Loss of Fees Hangs Over TCF, But 1Q Still Shines

TCF Financial Corp. reported its 60th consecutive quarterly profit last week in spite of worries that new limits on overdraft fees could hit the $18.2 billion-asset company particularly hard.

TCF, in Wayzata, Minn., has been a strong performer throughout the economic downturn, and it handily beat expectations for the first quarter.

Some analysts, however, are concerned about the looming regulation of overdraft fees, which represent a significant portion of TCF's revenue.

The company, with 1.7 million checking account customers — a large number for a bank of its size — created a checking account product in the first quarter that imposes monthly maintenance fees. This product could help stanch losses on overdraft fees once the rule takes effect in July.

Yet Anthony Davis, an analyst at Stifel, Nicolaus & Co., said the move could turn off some customers. "Deposit account growth is sort of the engine that drives this company," he said, "and to the extent that they're no longer offering totally free checking, there's some risk that that could impede deposit growth."

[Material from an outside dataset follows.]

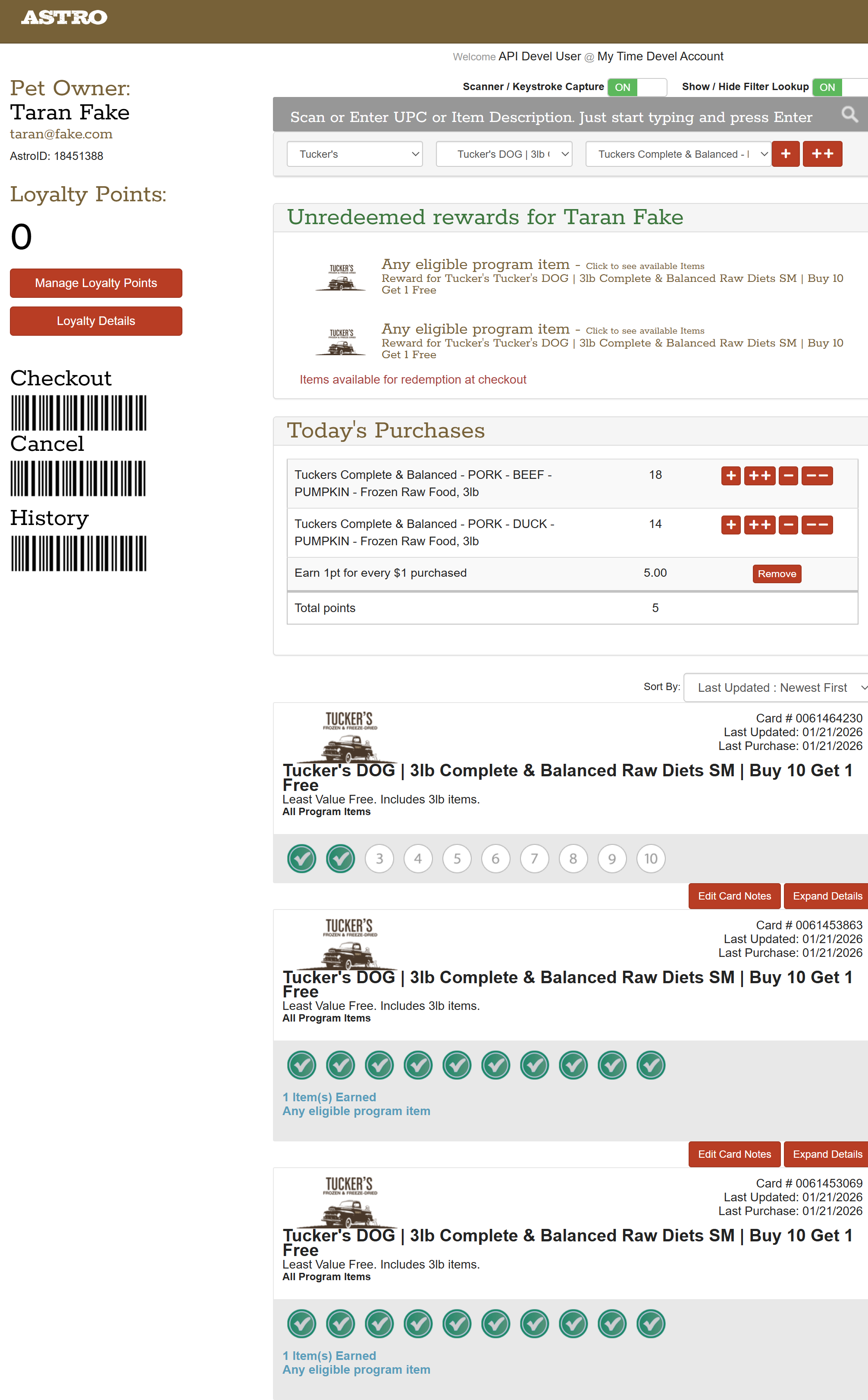 - View in Astro Loyalty: Opens the Astro site to view the client's detailed rewards history.

The new rule, which will require that customers opt in to overdraft programs, could hurt TCF's net revenue if overdraft charges diminish. Davis said these charges contribute about 19% of TCF's revenue, compared with just 9% for a typical bank in the Midwest. The rule change has been hanging over TCF's share price for the better part of a year, he said.

"The company has spent a great deal of time and thoughtful effort formulating this strategy," David Rochester, an analyst at FBR Capital Markets, said in a research note published Friday. "And it could very well be successful in maintaining revenues during this transition, but we are more cautious, as other bank management teams highlight the material challenge of maintaining revenues under the new rules."

TCF shares have risen more than 15% since first-quarter results were released Thursday.

Terry McEvoy, an analyst at Oppenheimer & Co., said in a research note that he expects some revenue disruption for TCF and that the fourth quarter and possibly first quarter of 2011 "will see some lumpy results" as the regulatory changes are implemented.

Still, Davis said he is confident that any disruption "is not going to be the undoing of TCF."

In the first quarter the company's banking fees and service charges grew 12% from a year earlier, in part because of increased transaction activities and higher account maintenance fees.

"We're seeing a higher volume of transactions on our debit cards and a higher dollar amount of the purchase price, which affects our revenue significantly," William A. Cooper, the company's chief executive, said in an earnings conference call last week.

TCF reported net income of $33.9 million, a 27.3% rise from a year earlier, largely the result of lower-than-expected provisioning for loan losses, as well as fee income growth and reduced operating expenses.

The $50.1 million loss provision — which beat most analysts' projections by $20 million — stemmed primarily from reduced charge-offs. Nonperforming assets were relatively flat, though consumer delinquencies rose along with classified consumer real estate loans.

TCF raised $165 million in a first-quarter public offering, boosting its capital ratios to their highest levels in 30 years, Cooper said.

"It's nowhere near up to our prior standard of performance, and it's not the end by any means of our credit issues, but maybe it's the end of the beginning," Cooper said. "In general, I think we can see the end of the tunnel."

Lana Chan, a senior banking analyst at Bank of Montreal's BMO Capital Markets, said the company's profit performance was aided by its solid loan portfolio. It has held up better than those of its peers throughout the downturn, she said, by avoiding nonrelationship lending

"They don't tend to chase the flavor-of-the-month that has gotten some other banks in trouble," she said.

TCF is also one of the few banks to report loan growth, up 5% in the quarter.

"Its earnings are not being driven by release of loan-loss reserves solely," Davis said. "It's a real, live growing company."